I am not really a big fan of micro-benchmarks, because it is so hard to get them right. If you really want, I can take a stab at breaking things down in more detail later. However, I think it's probably a waste of time; the old core.checkedint implementation is already fast enough that, with a good optimizer (by which I mean GDC), the performance boost from enabling intrinsics is barely noticeable.

Compared to bitwise equivalents, the kind of test logic used in the old implementation looks slow, but in reality it is highly amenable to optimization and superscalar execution.

If this pull request is accepted, it should be for some reason other than runtime performance.

Sep 29 '15 16:09 tsbockman

If this pull request is accepted, it should be for some reason other than runtime performance.

Agree. I tried to improve the whole module implementation style.

Sep 29 '15 17:09 denis-sh

This is a && b / c != d, parenthesis really does help make it clear at a glance just exactly what it is doing.

Readded.

I would really rather put the && at the end of the first line

Changed as I'm probably the only one here using such style and ignoring Code Complete.

Sep 29 '15 17:09 denis-sh

I am not really a big fan of micro-benchmarks

Let's please add them anyhow.
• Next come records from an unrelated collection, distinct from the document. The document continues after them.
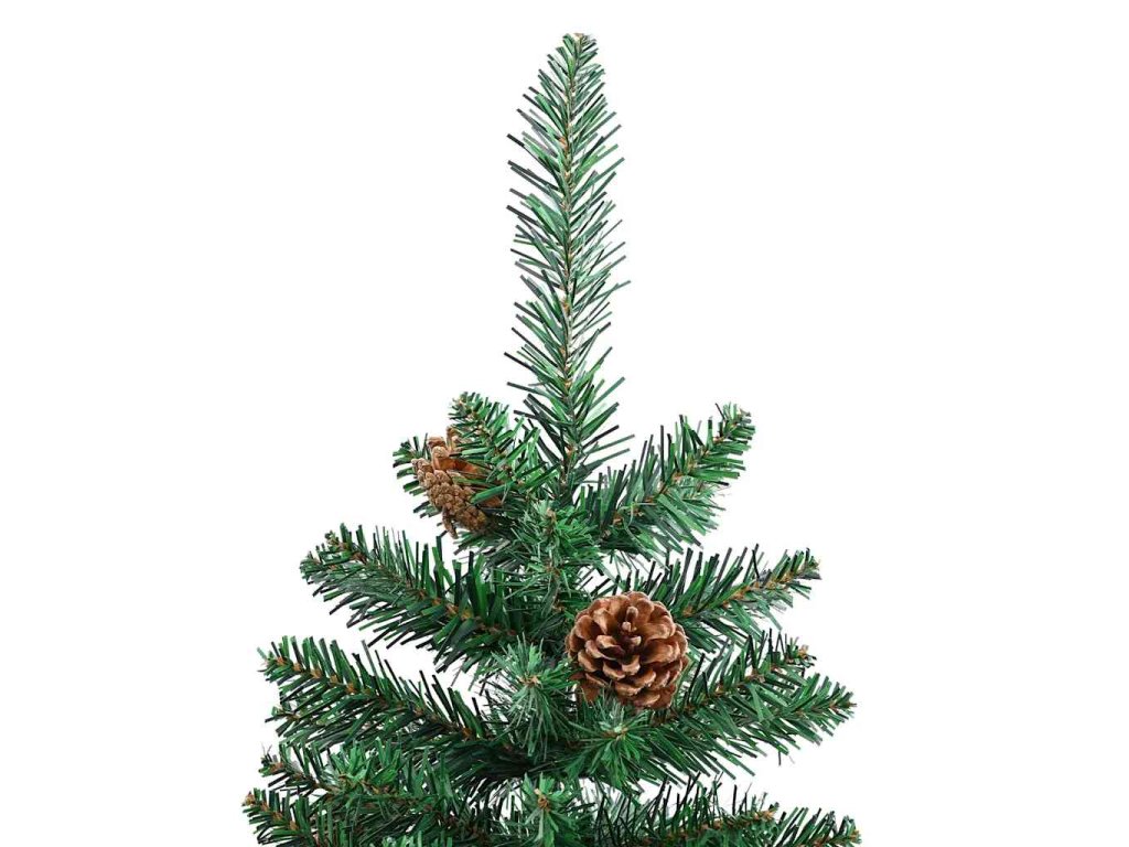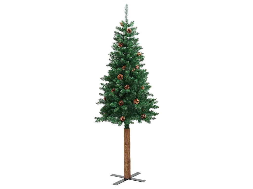 Úzký vánoční stromek pravé dřevo a šišky zelený 150 cm PVC 320957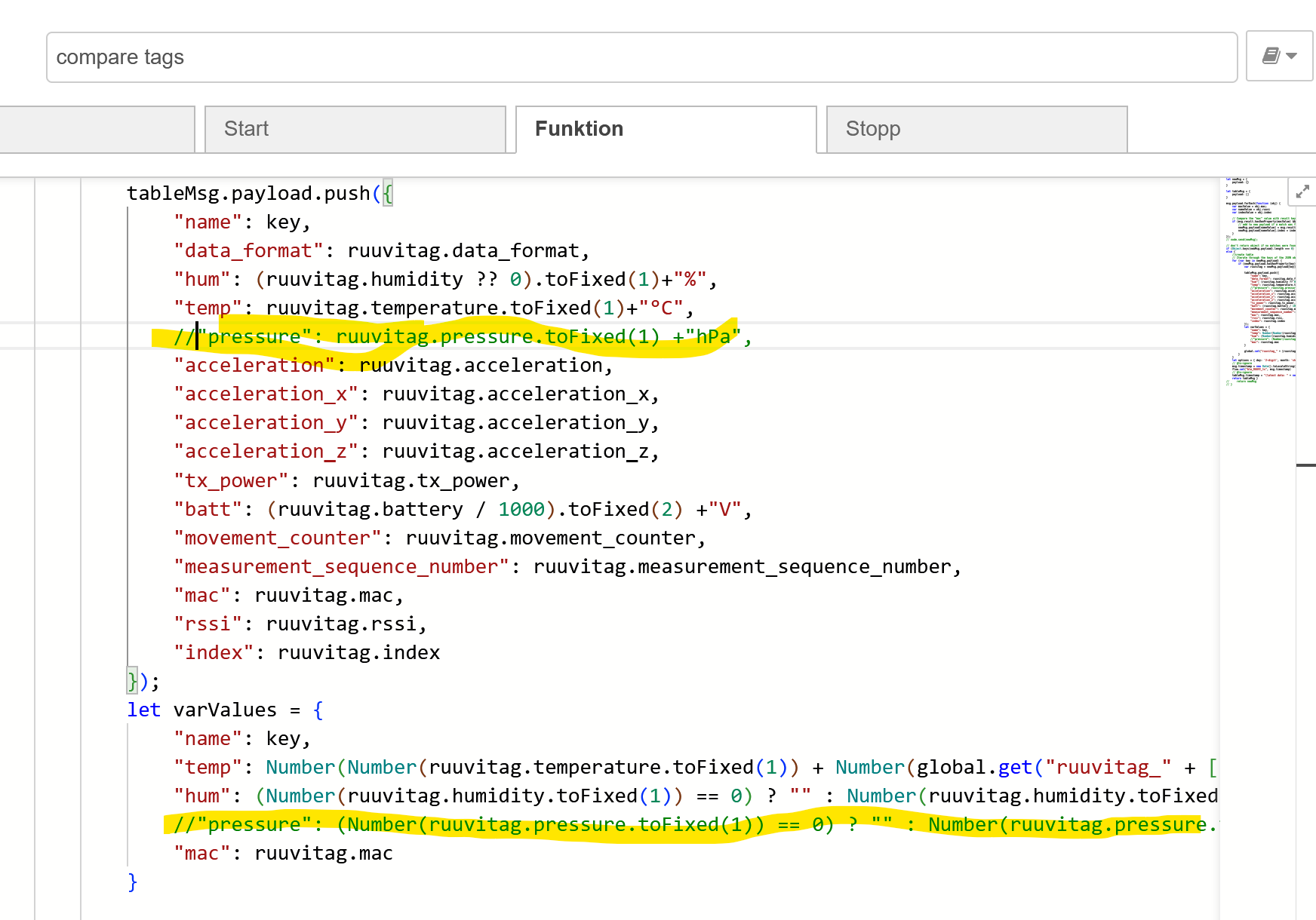 Also in beiden Zeilen: "pressure": (typeof ruuvitag.pressure === "number") ? ruuvitag.pressure.toFixed(1) + "hPa" : "",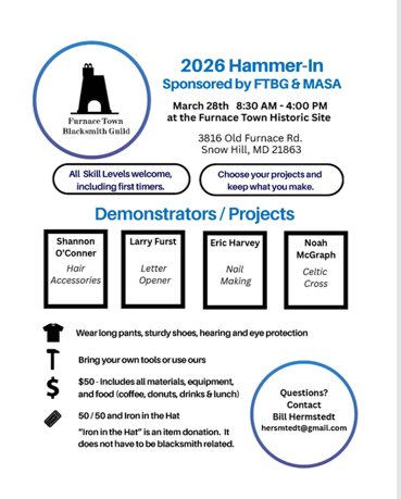 MASA/FTBG Joint Meeting Saturday, March 28, 2026 8:30 AM 4:00 PM Snow Hill, MD, 21863 United States (map) Google Calendar ICS The Furnace Town Blacksmith Guild is holding their 2026 Hammer In on March 28th, 8:30 - 4:00 at Furnace Town Historic Site, 3816 Old Furnace Road, Snow Hill, MD. All skill levels are welcome, including first-timers. Register/more information here: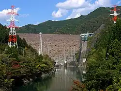 The Iwaya Dam (Iwaya Damu) is a dam in the city of Gero, Gifu Prefecture, Japan on the Maze River, part of the Kiso River system. The dam is a rockfill dam with a height of 127 meters and was constructed as a multipurpose dam for flood control, supply of municipal and industrial water, irrigation water and hydroelectric power generation. The reservoir created by the dam supplies the Chubu Electric Power Company's Mazegawa No.1 Power plant with a capacity of 288 MW hydroelectric power station.[1]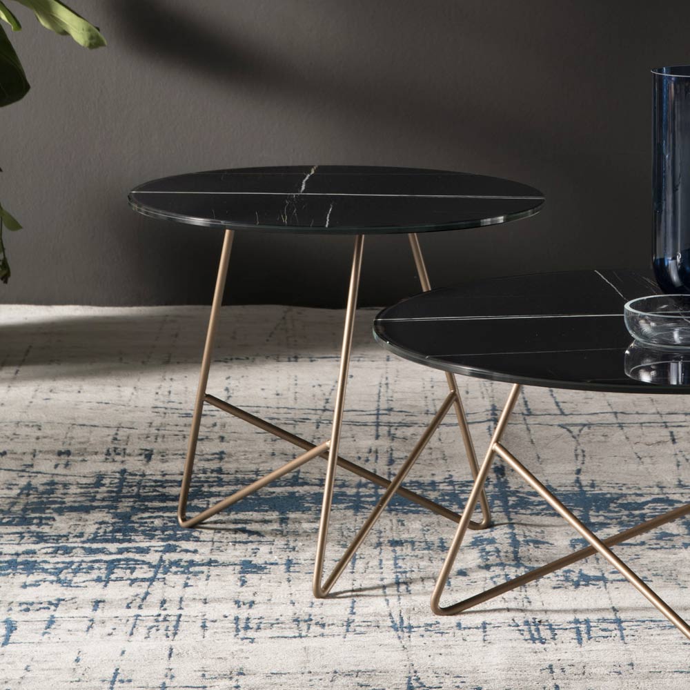 Ronde salontafel van metaal en glas-marmer, luxe artikel gemaakt in Italië.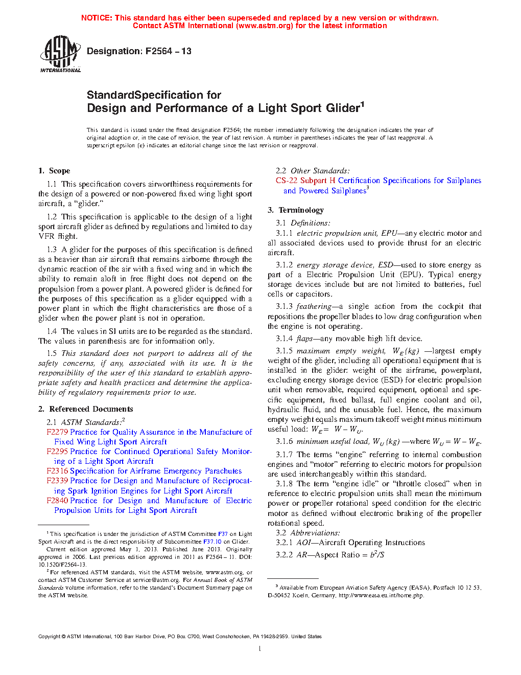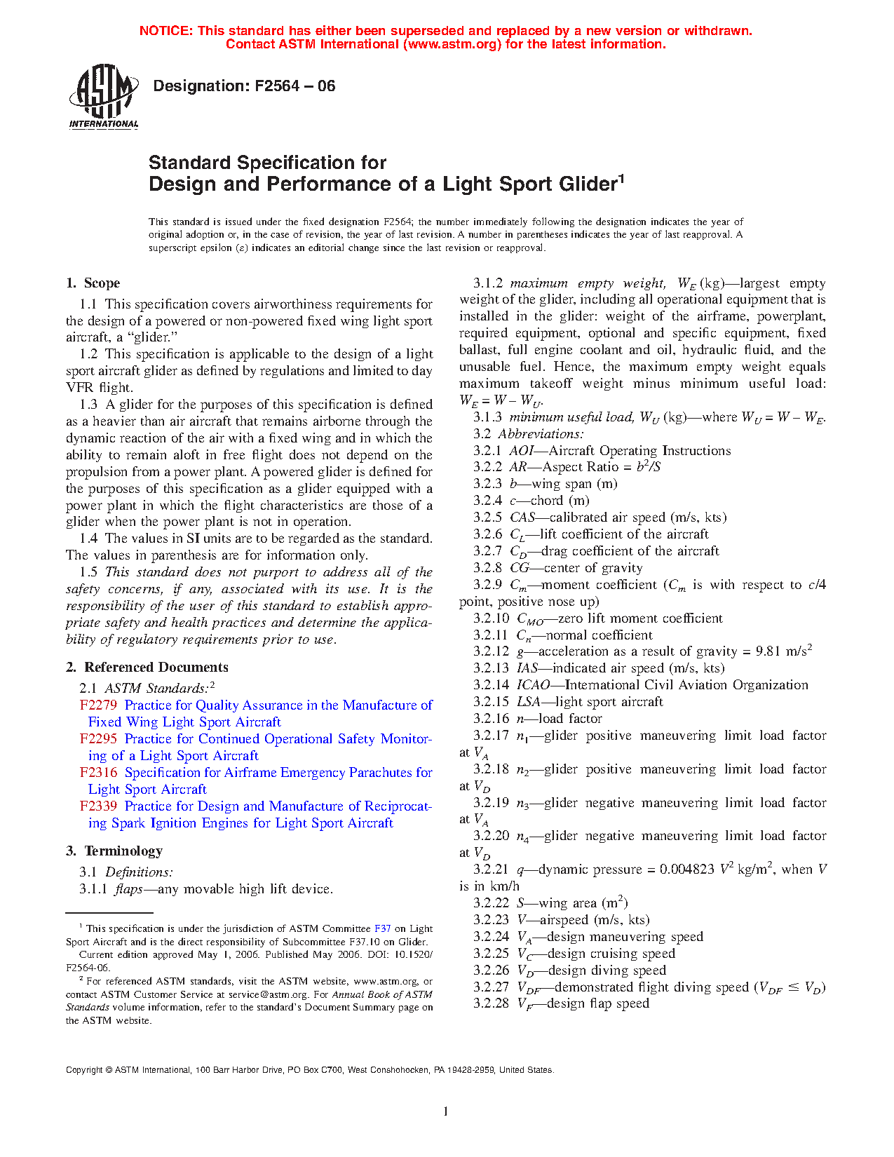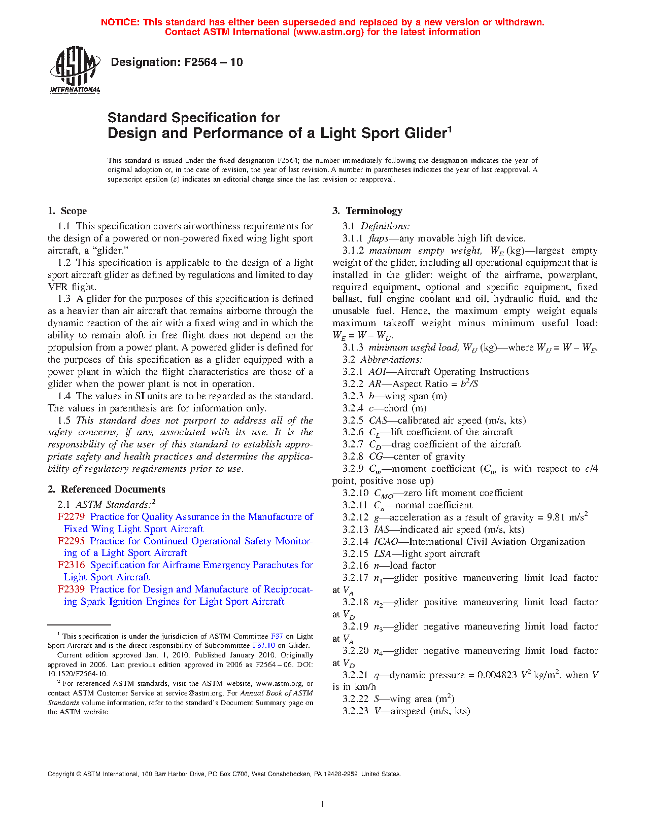 1.1 This specification covers airworthiness requirements for the design of a powered or non-powered fixed wing light sport aircraft, a “glider.”
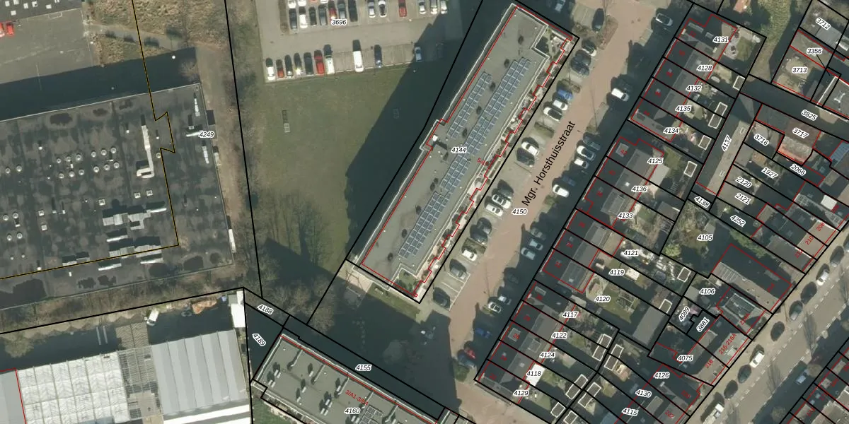 Mgr. Horsthuisstraat 21 is gelegen op kadastraal perceel PCH00H4144. Deze kadastrale aanduiding is uniek en wordt gebruikt door het Kadaster om eigendomsrechten en andere zakelijke rechten vast te leggen. Het perceel maakt onderdeel uit van de kadastrale gemeente Princenhage.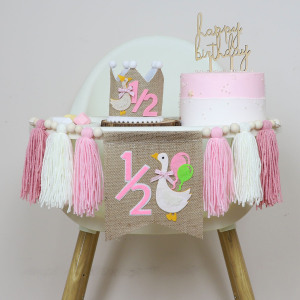 ins流苏横幅半岁可爱白鹅生日流苏横幅六个月生日帽派对生日装饰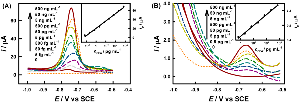 Differential pulse ASV curves for CEA immunoassay (A) for our protocol and (B) for the conventional protocol) and corresponding calibration curves (inset, n = 3).
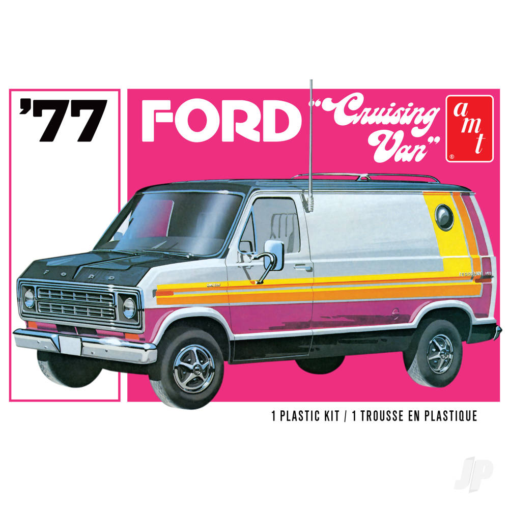Hey Kats! It’s back; and better than before… AMT’s 1977 Ford Cruising Van! This super-detailed kit builds into an authentic replica of Ford’s groovy factory-custom street van. Enticing, improved features like a gigantic decal sheet with two full sets of carefully researched factory stripe options and special pad-printed Firestone tires are sure to please. It even includes newly-tooled authentic wheel covers, much more accurate to the 1:1 vehicle! Retro Deluxe packaging seals the deal. Get cruisin’ with AMT!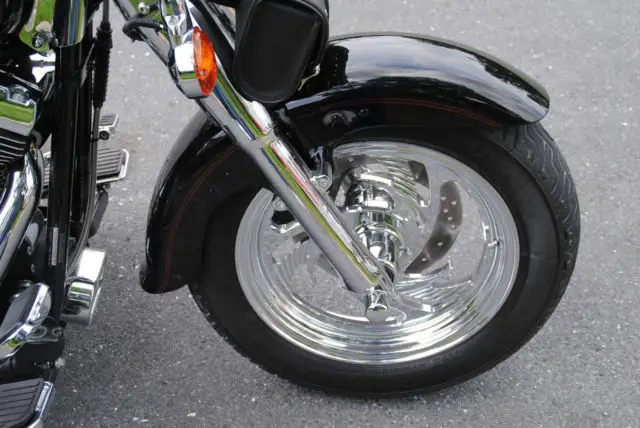 Look closely at the pictures. LOTS OF CHROME! The bike was also just serviced with oil and filter change along with the valves adjusted. To accommodate the wide rear wheel, he rear swing arm was changed and new fender installed. At the same time, he front and back of the bike was lowered. With less than 7,000 miles and garaged at all times, his bike is a real bargain at the opening bid.

Number of instructions and latency is a good proxy, though you can hardly measure the impact on the branch cache.

Sep 29 '15 17:09 MartinNowak

Looks good, maybe add a few microbenchmarks to https://github.com/D-Programming-Language/druntime/tree/master/benchmark.

Not sure about benchmarks. For now I only can describe resulting machine code.

This is what Clang does (one can see full (a < 0) != (b < 0) optimization applied):

adds(int, int, bool*):
    lea eax, [rsi + rdi]
    xor esi, edi
    js  .LBB0_3
    xor edi, eax
    jns .LBB0_3
    mov byte ptr [rdx], 1
.LBB0_3:
    ret

and this is what GCC does (just direct shifting and comparison, looks rather slow):

adds(int, int, bool*):
    leal    (%rdi,%rsi), %eax
    shrl    $31, %esi
    shrl    $31, %edi
    cmpb    %dil, %sil
    jne .L4
    movl    %eax, %ecx
    shrl    $31, %ecx
    cmpb    %cl, %sil
    je  .L4
    movb    $1, (%rdx)
.L4:
    rep ret

So yes, one have to use (a ^ b)._signBit or GCC will not optimize it (but if one does use ^, GCC will produce the same assembly as Clang's shown above).

Sep 29 '15 17:09 denis-sh

@MartinNowak

Looks good, maybe add a few microbenchmarks to https://github.com/D-Programming-Language/druntime/tree/master/benchmark.

Is there an equivalent standard benchmark for Phobos somewhere?

Sep 29 '15 17:09 tsbockman

~diffSign(x, y) && diffSign(x, r) is a wrong code if diffSign returns 1.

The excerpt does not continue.